[Dataset section]
☆ ☆ ☆ ☆ ☆ ☆ ☆

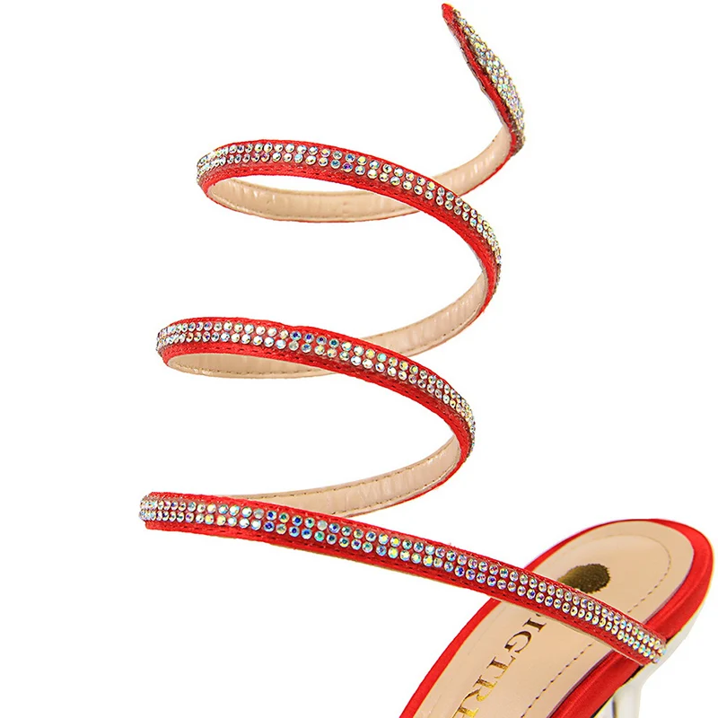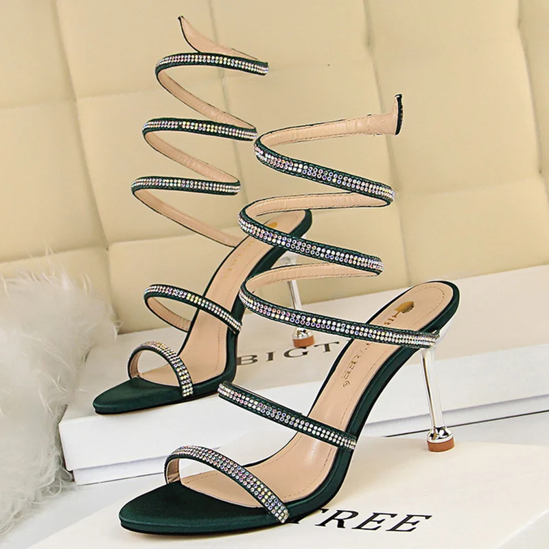 2021 г., летние роскошные женские босоножки для ночного клуба на тонком высоком каблуке 8 см зеленые и красные римские сандалии на шпильке с блестками обувь для выпускного
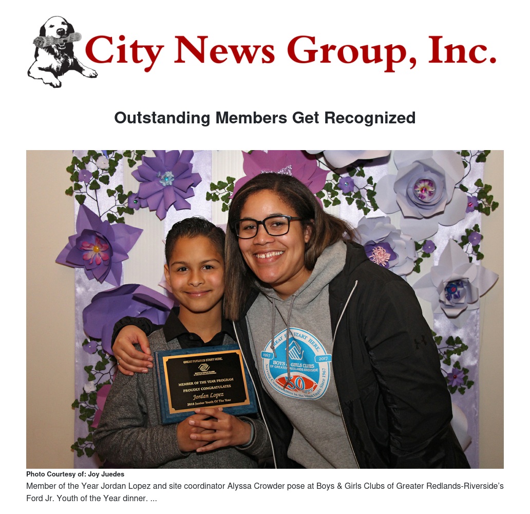 Boys & Girls Clubs of Greater Redlands-Riverside honored its outstanding members at a dinner at the Burrage Mansion on March 6. The Club recognized its Ford Junior Youth of the Year, Member of the Year, Members of the Month and Staff of the Year. Jesse Ambrosio was Ford Junior Youth of the Year, Jordan Lopez was Member of the Year, and Director of Program Services Eddie Hernandez was Staff of the Year.
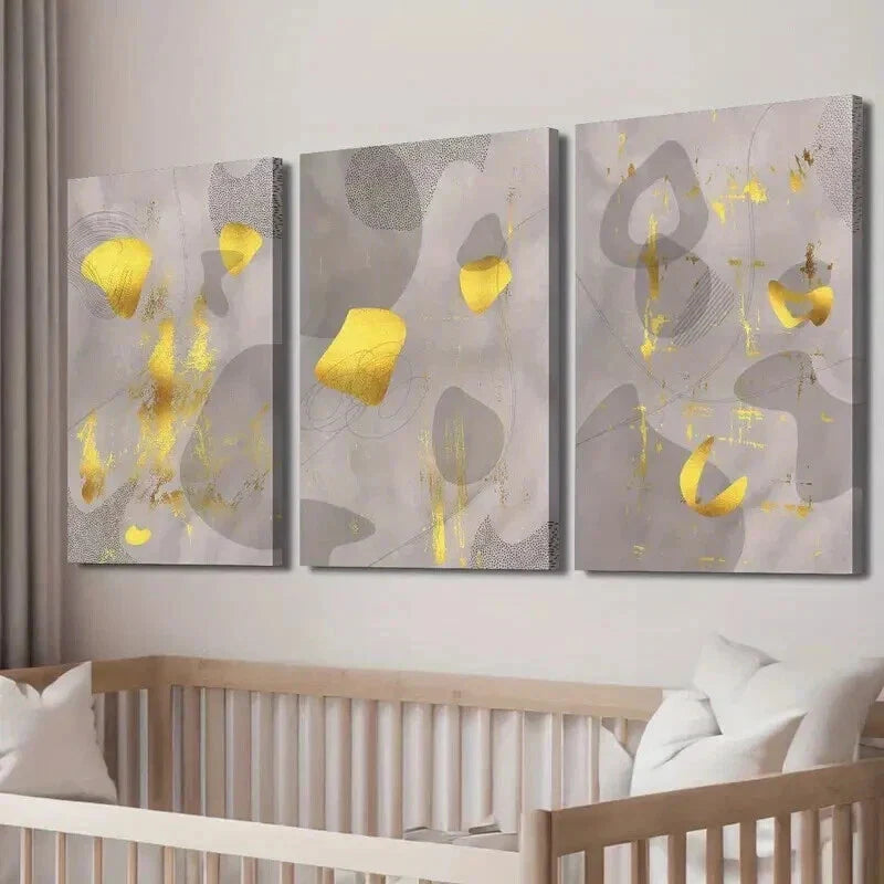 3pcs Medieval Golden And Brown Shapes Wall Art Set Canvas Framed 40x60cm - High Quality Print 100% Australian Made Wall Canvas Ready to Hang

☆ ☆ ☆ ☆ ☆ ☆ ☆

[What to do] When copying the data above, repeat every word exactly and drop the pictures.

[Result of the task]
 2021 г., летние роскошные женские босоножки для ночного клуба на тонком высоком каблуке 8 см зеленые и красные римские сандалии на шпильке с блестками обувь для выпускного
 Boys & Girls Clubs of Greater Redlands-Riverside honored its outstanding members at a dinner at the Burrage Mansion on March 6. The Club recognized its Ford Junior Youth of the Year, Member of the Year, Members of the Month and Staff of the Year. Jesse Ambrosio was Ford Junior Youth of the Year, Jordan Lopez was Member of the Year, and Director of Program Services Eddie Hernandez was Staff of the Year.
 3pcs Medieval Golden And Brown Shapes Wall Art Set Canvas Framed 40x60cm - High Quality Print 100% Australian Made Wall Canvas Ready to Hang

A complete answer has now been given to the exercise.